18 Eylül 2014 Perşembe

Kaçıncı Cemre?


Bana bıraksalar bütün mevsimleri ya Eylül başına ya Nisan sonuna sabitlerim. Hatta 6 ay Eylül, 6 ay Nisan olsun.

Peki şimdi
sonbahar geldi mi gelmedi mi?

Bu bir sorunsal. Çünkü yanıtı muallak. Daha doğrusu cemrelerle, mevsim çizelgeleriyle yeterince iyi açıklayamıyoruz biz bu kavramı. "Ağustos" demek, "Eylül" demek yetmiyor mevsim geçişini tarif etmekte. Biz Ağustos için yazın bitişi deriz ama esasen hissettiğimiz aylaklık vakitlerinin son bulduğudur. Yeni bir senenin başlıyor oluşuna hayıflanırız. Öyle ya ne güzel tatil yapıyorduk. Yoksa bedenen ve ruhen yeni mevsimin renklerini soluklarımıza yedirdiğimizden değil bu duygusal değişim. Yeni bir mevsimin farkına varışımızdan değil.

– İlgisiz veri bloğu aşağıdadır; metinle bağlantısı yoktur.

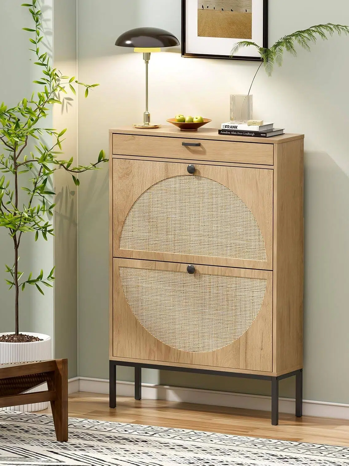 • 【Classic design of natural rattan weave】:Made of sturdy MDF and hand-woven natural rattan, the shoe cabinet is even more elegant and classic. The slim shoe cabinet can easily fit into the narrow spaces of foyers and entryways. The natural elements of the furniture better decorate your home environment.

Bayıla bayıla kavun-karpuz yediğimiz günler geride kaldı mı? İşte sana bir işaret. Canın dün sabah karpuz çekerken, bu akşam sert bir elmanın dişlerinden süzülen suyunu arzuluyorsa,

Akşamları kendinle başbaşa kaldığında, o anki planına eşlik etsin diye, abur cubur yerine sıcak bir bitki çayı ya da sıcacık bir kahve içmeyi planlıyorsan,

Dün Kordon'da şortla gezerken, bugün evin içindeyken bile pijama giymek arzusundaysan,

Dağınık odandaki rastgele atılmış çorap sayısında, gözle görülür bir artış yaşandıysa,

Arkadaşlarınla buluşmak için sözleşeceğinde, bir önceki buluşmadan daha erken bir saat teklif ettiysen,

Gece burnuna, açık pencerenden uzaklara yağmış bir rahmetin cânım kokuları geliyorsa,

Odanın penceresini yandan değil de üstten açmaya başladıysan,

Dün denize gitmek isterken, bugün yorgana sarılıp uyumak çok daha eğlenceli bir düş haline geldiyse,

Artık sonbahar fiilen gelmiş demektir. Bize de güze hoşgeldin demek düşer. Bir de üstümüze bir şeyler almak.